Metagene and heatmaps of genomic regions were generated with deepTools 3.2.1. The command computeMatrix was used to calculate scores at genomic regions and generate a matrix file to use with plotHeamap or plotProfile, to generate heatmaps or metagene profile plots, respectively. Bigwigs used to generate matrix files were first scaled with normalization values produced by DEseq2 1.30.1.

Gene ontology

Gene ontology (GO) enrichment (Ashburner et al., 2000) was performed with the R package clusterProfiler 3.18.1 (Yu et al., 2012) using the GO over representation test function. Significant pathways were called with an adjusted p value < 0.05 (using the Benjamini and Hochberg procedure).

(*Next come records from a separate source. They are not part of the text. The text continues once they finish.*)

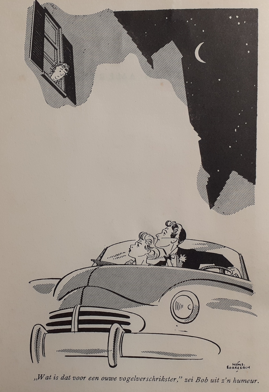 Henri Carl Johan Elisa (Hans) Borrebach (geb. in Den Haag am 5. Mai 1903; gest. am 15. Februar 1991 ebenda) war ein niederländischer Fotograf, Illustrator, Schriftsteller, Maler, Karikaturist, Comiczeichner und Buchcover-Designer. Borrebach studierte Architektur an der Königlichen Akademie der Bildenden Künste und unterrichtete dort auch Zeichenkunst. In den 1920er Jahren arbeitete er als Grafiker. Er entwarf Dutzende von Buchcovern, hauptsächlich für Kinder- und Mädchenbücher. Sein Stilwandel vor und nach dem Zweiten Weltkrieg ist bemerkenswert. Der Grund für seine neue Zeichentechnik war seine Hinwendung zu einem aus Amerika importierten Werbestil. Borrebach war zweimal verheiratet und lebte in Frankenslag im Statenkwartier. |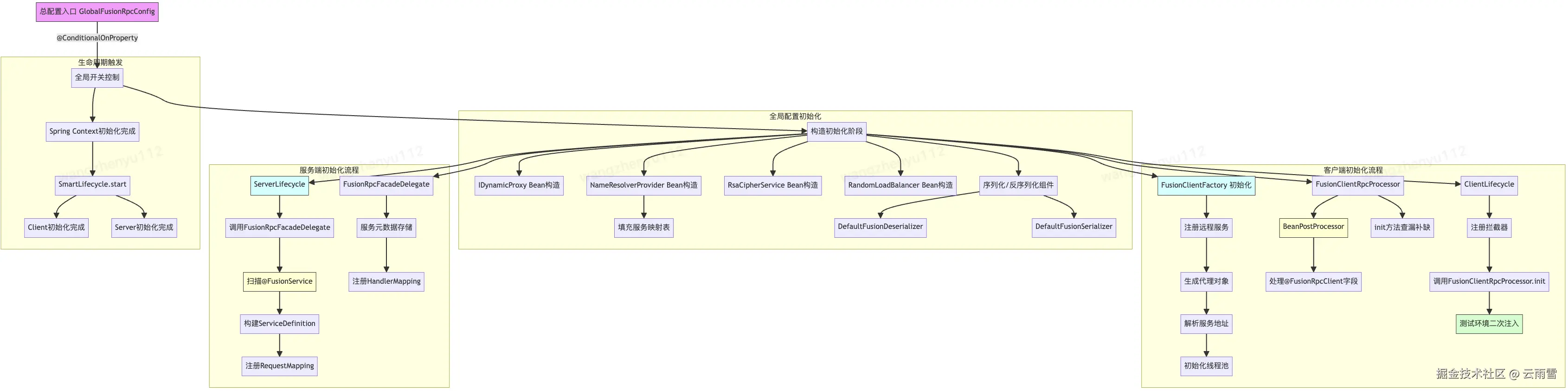 - ServerLifecycle、ClientLifecycle、FusionRpcFacadeDelegate、FusionClientFactory、NameResolverProvider、FusionClientRpcProcessor、IDynamicProxy、DefaultFusionDeserializer、DefaultFusionSerializer、RandomLoadBalancer、RsaCipherService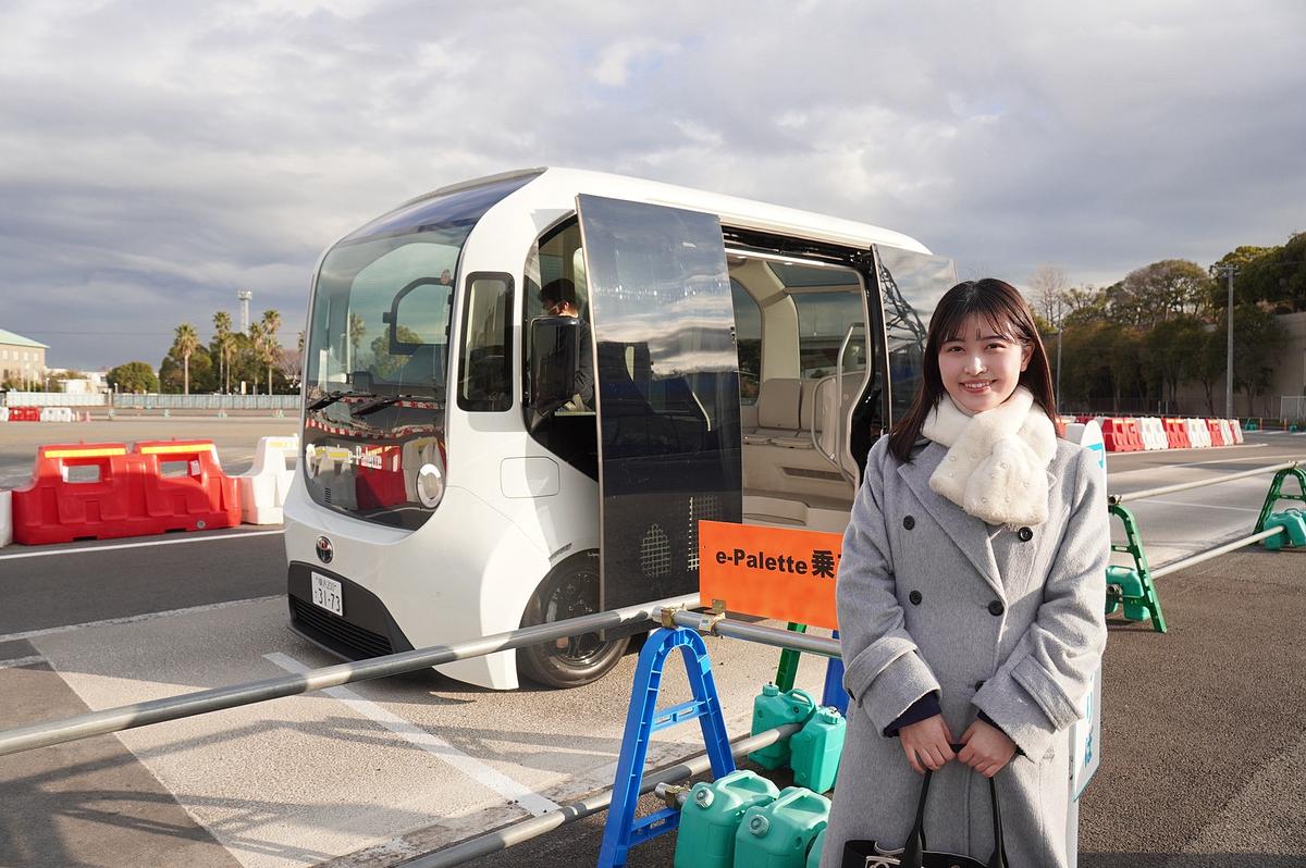 会場までは、トヨタの未来型モビリティ「e-Palette(イーパレット)」が無料で送迎してくれます。丸みを帯びた近未来的なフォルムがとても可愛らしく、これから始まる体験への期待が高まります。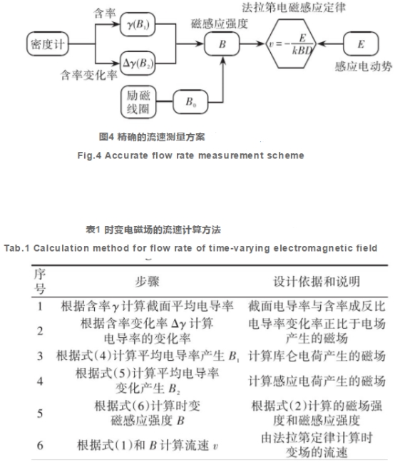 因此,利(li)用射線源(yuan)密度計或(huo)者船上的(de)實際測量(liang)裝🐆置等測(ce)量出含率(lü)Y及其變化(hua)率△Y,在線估(gu)計出瞬時(shi)流場中🌂實(shi)際存在🐪的(de)時變磁⛹🏻♀️感(gan)應強度B,并(bing)作爲式(3)的(de)輸入變量(liang)。結合實際(ji)測得的感(gan)應電動勢(shi)E,能夠有效(xiao)、正确地計(ji)算出時變(bian)的磁感應(ying)強💋度進而(er)正确計算(suan)出瞬時流(liu)速,克服當(dang)前電磁流(liu)量計隻能(neng)使用1個事(shi)先标定的(de)先驗磁場(chang)強度導緻(zhi)流速計算(suan)的誤差。上(shang)述方法的(de)實現步驟(zhou)❌和實現過(guo)程如圖4和(he)表1所示。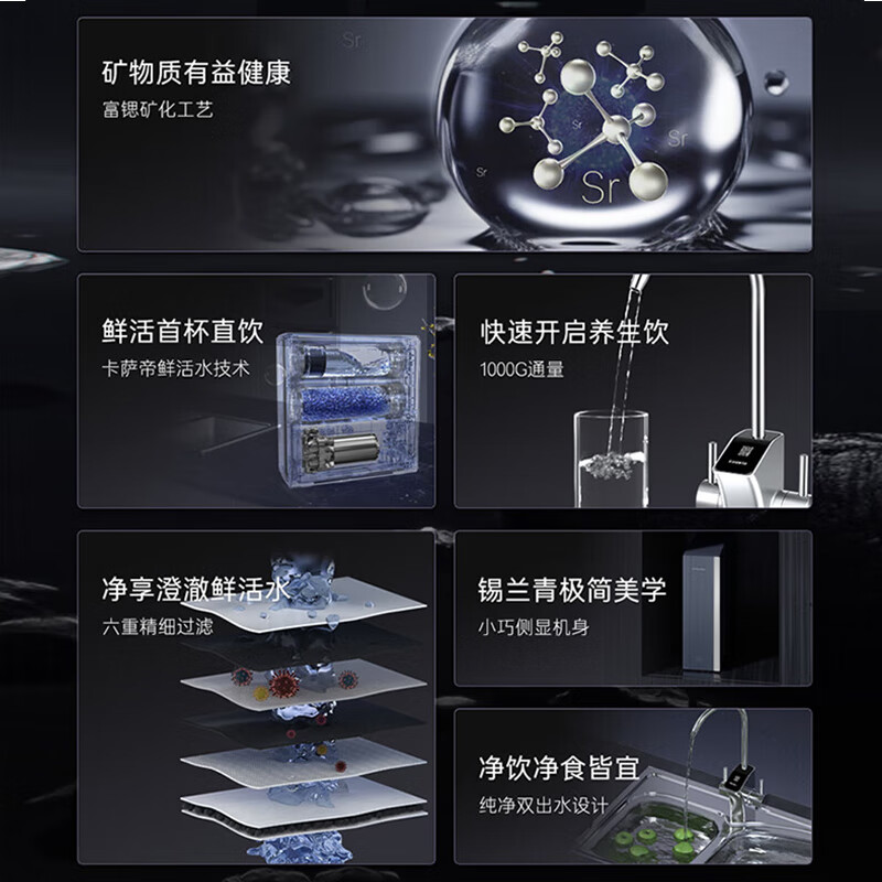 卡萨帝(Casarte)净水器家用净水机 富锶鲜活水矿泉水1000G大通量纯净双出水 CRO1000-DFACU1价格:5299.00元!

Hi-C data from SKMel147 was analyzed using the HiC-bench platform. Data was aligned to the human reference genome (GRCh37/hg19) with bowtie2 2.1.0. Aligned reads were filtered with the GenomicTools 0.2.9.7 (Tsirigos et al., 2012) tools-hic filter command and only the accepted intra-chromosomal read-pairs were used for downstream analysis (~200 million reads). Interaction matrices were generated using the HiC-bench 0.1 (Akdemir and Chin, 2015; Imakaev et al., 2012; Lazaris et al., 2017) platform at 40kb resolution. Filtered read counts were normalized using iterative correction and eigenvector decomposition (ICE). Distance normalization was performed to account for variances in read counts for more distant loci. Topologically associating domains (TADs) were called using HiC-bench’s hicratio algorithm as well as topdom 0.10.1 (Shin et al., 2015).

TCGA data analysis

From the Broad Institute GDAC portal (http://gdac.broadinstitute.org/), the SKCM log2 normalized RNA-seq reads, clinical annotations, mutational calls, and copy number annotation datasets were downloaded. When annotating ARID2 mutant samples, mutations of unknow significance and synonymous mutations were removed from the analysis. Using R 4.0.3, a linear model with the covariates: sex, age, tumor type (primary vs. metastatic), copy number variation, and ARID2 mutation status, was used to call significant differences between ARID2 mutant samples and ARID2 WT samples. Given the high biological heterogeneity within patient samples, and the relatively low number of ARID2 mutant samples (n = 50), we utilized a cut-off of p value < 0.05 to call significant changes.

QUANTIFICATION AND STATISTICAL ANALYSIS

All statistical tests were performed using RStudio and GraphPad Prism 9 (GraphPad Software). The statistical analysis details for each experiment can be found in figure legends and in the method details section.

Data deposition

The GEO accession number for the raw and processed sequencing data reported in this paper is GSE172383.